• **ASSIGNMENT**
Exact copy, no pictures: output each line below as it stands.

*** PROVIDED MATERIAL Section Begins ***

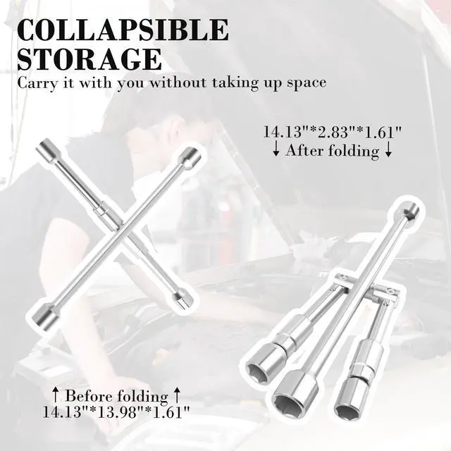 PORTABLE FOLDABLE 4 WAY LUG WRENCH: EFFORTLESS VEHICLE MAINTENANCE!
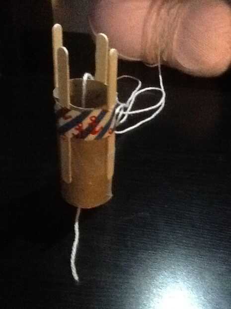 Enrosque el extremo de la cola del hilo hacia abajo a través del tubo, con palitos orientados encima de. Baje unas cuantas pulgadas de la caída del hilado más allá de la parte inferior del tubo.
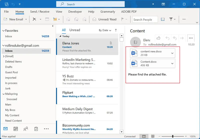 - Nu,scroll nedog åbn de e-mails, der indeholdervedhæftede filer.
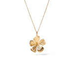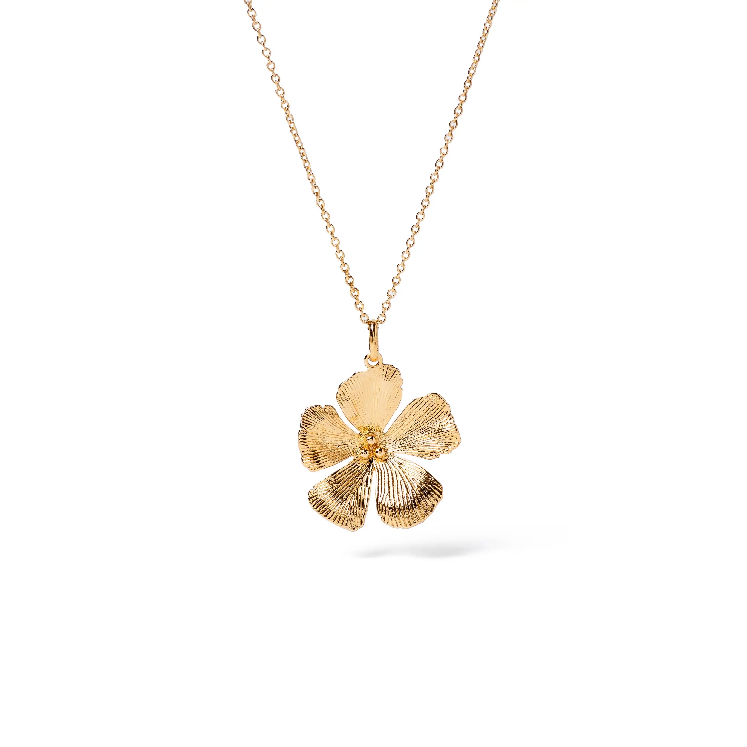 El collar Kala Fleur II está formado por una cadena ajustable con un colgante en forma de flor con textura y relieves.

*** PROVIDED MATERIAL Section Ends ***

• **RESULT OF THIS EXERCISE**
 PORTABLE FOLDABLE 4 WAY LUG WRENCH: EFFORTLESS VEHICLE MAINTENANCE!
 Enrosque el extremo de la cola del hilo hacia abajo a través del tubo, con palitos orientados encima de. Baje unas cuantas pulgadas de la caída del hilado más allá de la parte inferior del tubo.
 - Nu,scroll nedog åbn de e-mails, der indeholdervedhæftede filer.
 El collar Kala Fleur II está formado por una cadena ajustable con un colgante en forma de flor con textura y relieves.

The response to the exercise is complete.